Data segment >>
- - - -
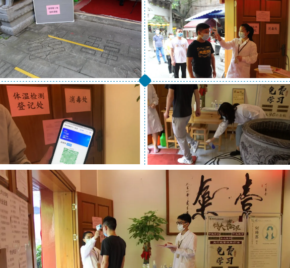 2、检测处设置于学校门口,老师学员到达进出口处,按照《疫情防控工作预案》中规定,在规定通道按一米以上间隔距离在学校门口排队接受体温检测,并出示渝康码。
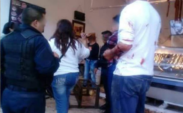 Al arribar a dicha carnicería ubicada en Juárez y Aldama, los uniformados encontraron a dos individuos liándose a golpes, cuando uno de ellos se encontraba lesionado por arma blanca; el pleito supuestamente se debió por una deuda económica.
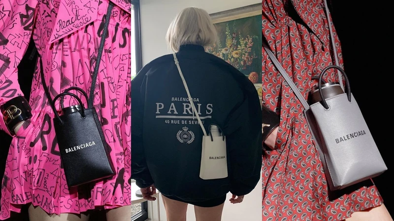 自從在2019秋冬秀上首度亮相後,就話題不斷的手機袋,其實最一開始是以自家購物袋作為設計靈感,搭配可拆卸的肩背帶,當然也能手提,雖然名為 手機袋 ,但其實想裝什麼都可以,畢竟秀上可是裝了水壺進去。
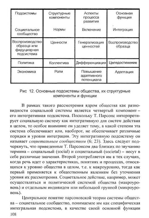Кроме стратификационных компонентов в структуру социетального сообщества включается также гражданство, особенно значимое для современных демократических обществ, религиозная, политическая, экономическая системы, а также высокоразвитая правовая система, занимающая центральное место в стабильном социетальном сообществе. В своей общей теории действия Т. Парсонс движется от рассмотрения индивидуального выбора, осуществляемого актором, к общей концепции действия, к рассмотрению действующей системы. Эта общая система действия структурирована и представлена взаимодействием четырех охарактеризованных «аналитически отличимых» подсистем: биологической, культурной, личностной и социальной. Все они оказывают влияние на действие, каждая из них стремится к поддержанию своих границ и к интеграции, обменивается информацией с другими подсистемами. В иерархии систем действия высшее место занимает культурная система, которая обладает наивысшим организационным потенциалом, вследствие чего оказывает наибольшее контролирующее влияние на другие системы действия. Именно она осуществляет легитимацию общественного нормативного порядка, определяет основания существующих в обществе прав и запретов, прежде всего, требует использования власти.
- - - -
Task brief >> Write out the lines of the material above exactly, from its first line through the line that contains "Al arribar a", so that no picture appears in the copy.

Exercise solution >>
 2、检测处设置于学校门口,老师学员到达进出口处,按照《疫情防控工作预案》中规定,在规定通道按一米以上间隔距离在学校门口排队接受体温检测,并出示渝康码。
 Al arribar a dicha carnicería ubicada en Juárez y Aldama, los uniformados encontraron a dos individuos liándose a golpes, cuando uno de ellos se encontraba lesionado por arma blanca; el pleito supuestamente se debió por una deuda económica.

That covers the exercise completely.